WHAT IS REQUIRED — Take the entries that follow and return only the lines from the one with "住民センターのリコーデジタル" through the final line, leaving every picture behind.

────────────────────────────────────────

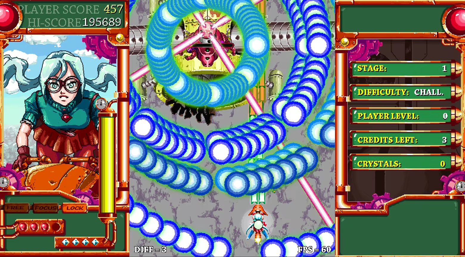 Shockwave Triggers is a pure arcade game, which is thanks to its tight controls, tiny hitboxes for both player and bullets, simple but effective mechanics and the fully customizable support of gamepads, keyboard and arcade sticks.
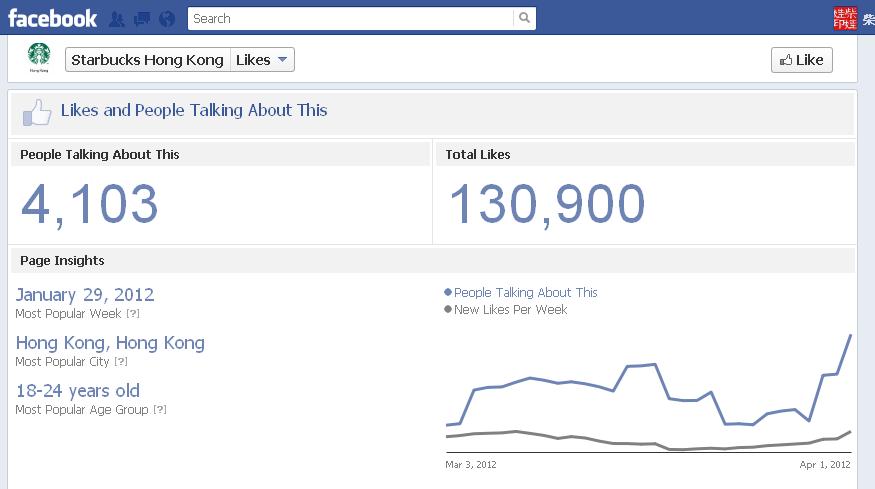 以香港两大咖啡连锁店为例,在行文时,Starbucks香港(星巴克香港)的Facebook Page粉丝数为130,900人;而Pacific Coffee的Facebook Page粉丝数为11,547人。虽然我不清楚双方投入了多少预算,但如果纯粹以粉丝数来定成败,Starbucks香港肯定赢『九条街』.以一介市民的观察,Starbucks香港的人流的确比Pacific Coffee优胜,而且绝少有「买一送一」类的促销活动,相信和它在品牌上的绝对优势有关.相反,虽然部份Pacific Coffee的人流不比Starbucks香港差(例如又一城店、鹰君中心店等),但是不少店的人流的确强差人意.因此,它做了不少「买一送一」类的促销活动,吸引了不少price sensitive的客户。
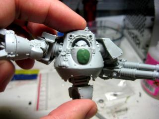 Right now, I feel there's a bit too much metal on him. I'll be doing his hip and knee gears, elbow/knee pads, and the skulls on his knuckles in gold (or alternate scheme gold fist with white skulls on it...) in addition to the standard gold accessories. The lascannons will probably be black for the detailing, and I might even try OSL on the power-coil areas towards the base of the barrels.
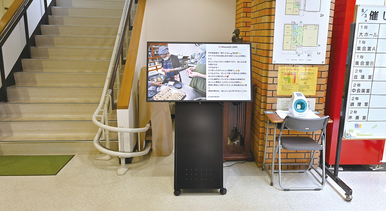 住民センターのリコーデジタルサイネージから流れるInstagramに、子供も子育て世代も高齢者も注目。コンテンツをきっかけに会話が弾み、世代を超えた交流が活発に。
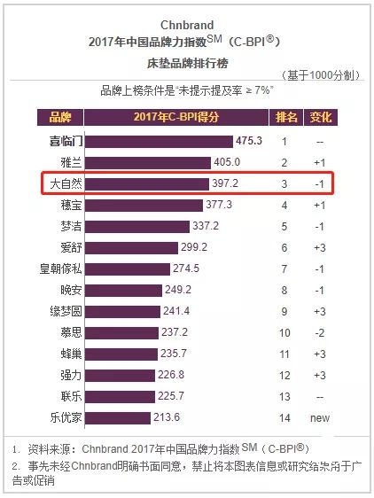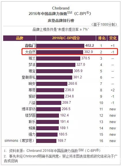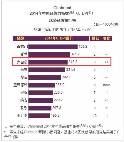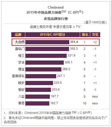 此次,荣登C-BPI中国床垫行业品牌榜第二,是消费者对大自然床垫的肯定和鼓励,更是大自然前进的动力与责任。
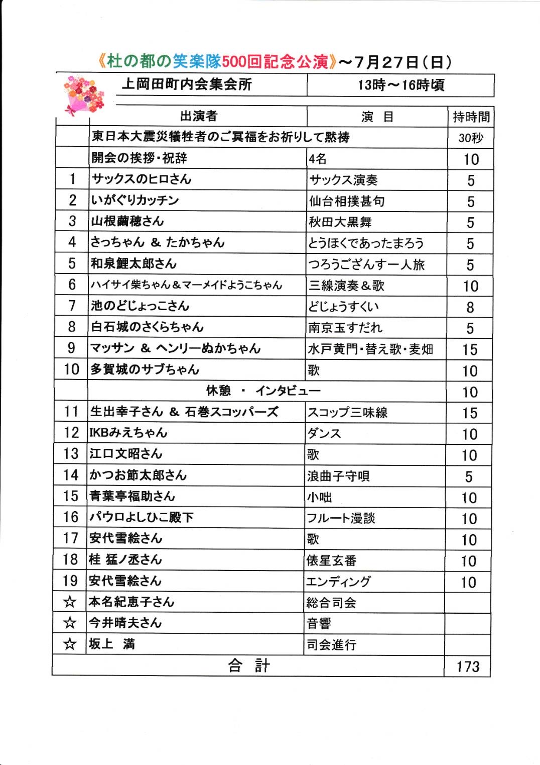 遣り甲斐を感じ、出演者も一緒に楽しんでいる」から長期に亘り継続出来ているものと思っています。

────────────────────────────────────────

SOLUTION TO THIS EXERCISE —
 住民センターのリコーデジタルサイネージから流れるInstagramに、子供も子育て世代も高齢者も注目。コンテンツをきっかけに会話が弾み、世代を超えた交流が活発に。
 此次,荣登C-BPI中国床垫行业品牌榜第二,是消费者对大自然床垫的肯定和鼓励,更是大自然前进的动力与责任。
 遣り甲斐を感じ、出演者も一緒に楽しんでいる」から長期に亘り継続出来ているものと思っています。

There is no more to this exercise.